There are too many reasons why your circuit fails.

  1. Lack of low impedance current loop.
  2. Lack of differential bias threshold for each Vbe = 0.7V (consider 0.6 your bridge reference +/-0.1 for gradual ON/OFF)

This design I made solves both but is still weak due to the relatively low resistance of the bulb compared to the battery ESR for a Panasonic Alkaline which all have a wide tolerance, based on the short circuit transient current.

The Threshold is around 1.4V and the resistance of the Rce of the driver NPN for a PN2222A is around 1 Ohm depending on saturation current. I used a 3.3W 9V bulb to match your bulb R which rises from 1.2 ohm to around 11x this value near 2/3 A.

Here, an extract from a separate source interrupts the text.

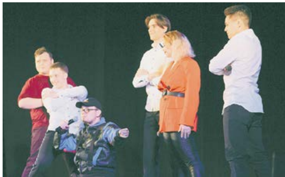
Выступление команды «Под каблуком».

– Сейчас все в этом мире убыстряется. В том числе и шутки. Раньше скорость шуток была с интервалом 1 минута, сейчас же надо удивлять зрителя каждые 15–30 секунд. Очень много на себя оття-

Adjust R ratios for night Vbe=1.4V and 1.2V to minimize battery drain in daylight.

Corrected design enter image description here

In order to turn on 12 to 14 ohm lamp with 10 k pullup to base, LDR must be much higher and the current gain must be much greater than this R Ratio of almost 1k. so two transistors in series as a Darlington, as shown above. These hFE's current gains multiply to enable saturation (low Vce) where the current gain is reduced to nearly 10% of rated hFE. Otherwise Vce rises until the gain is achieved.

In your case, the emitter resistance was far too high to conduct and bulb current to ground and back thru the batter to the bulb (even if Vbe was sufficient) So no bias voltage and no low R current loop.

Final remarks

A good alkaline battery can store 5 watt-hours [Wh]. A 9V bulb with these resistances cold and hot is a 3 W bulb. The battery will have a very short life and LED's are far more efficient.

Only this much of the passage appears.